Privacy-preserving small target defect detection of heat sink based on DeceFL and DSUNet

Surface defect detection is directly related to the quality of products and crucial for industrial production. Currently, convolutional neural network (CNN)-based structures have been widely used for surface defect detection. However, the locality restriction of convolutional operation poses challenges for surface defect detection, particularly when it comes to detecting small target defects. In addition, there is a risk of leakage during data communication arising from participant attacks. To address the above issues, the Dilated Swin Transformer UNet (DSUNet) model with privacy protection is proposed in this paper. Firstly, the DSUNet model adapting a hybrid CNN-Transformer architecture is designed to effectively address the challenge of detecting small defects, which can capture global and remote semantic information.
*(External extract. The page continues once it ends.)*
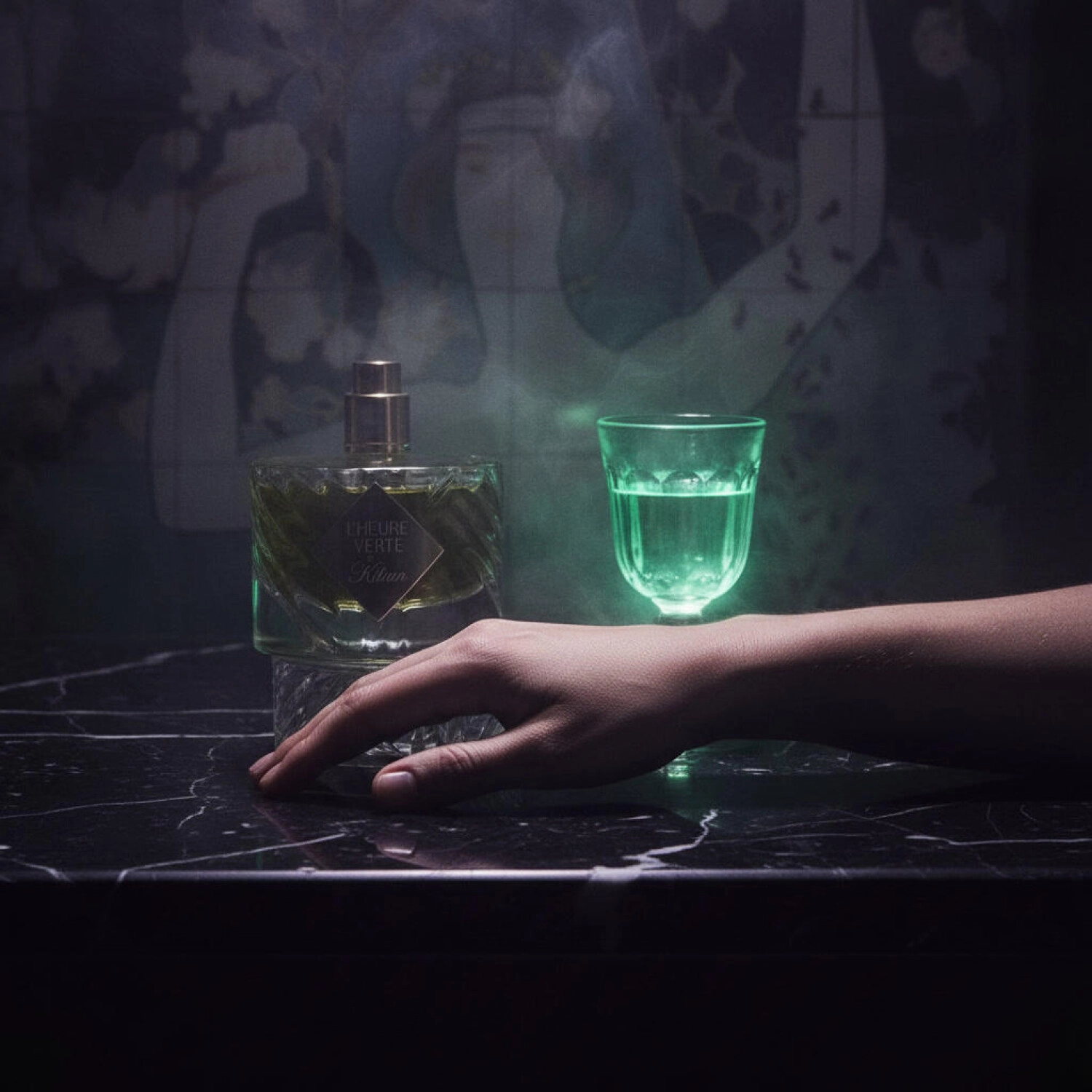 Парфюм By Kilian L'Heure Verte, обладающий фужерным древесным ароматом, стал первой работой парфюмера Матье Нардена в партнерстве с известным французским брендом. Этот аромат вдохновлен ночным Парижем и назван в честь традиционного французского шота, который представляет собой абсент с небольшим добавлением сахара, подаваемый перед началом вечеринки. Когда его перемешивают, он приобретает пастельно-зеленый оттенок, что также отражается в дизайне его хрустального флакона, стилизованного под коньячный бокал.

Secondly, a decentralized federated learning framework (DeceFL) is introduced to protect data privacy. Finally, in order to enhance the interpretability of the model, the regional focus of the defect detection network is visualized through the Grad-CAM method. Comprehensive experiments on the heat sink surface defect dataset are conducted to demonstrate the effectiveness of our proposed model in the field of surface defect detection. The DSUNet achieves an accuracy of 97.98% on the dataset of heat sink surface defect, outperforming the state-of-the-art methods.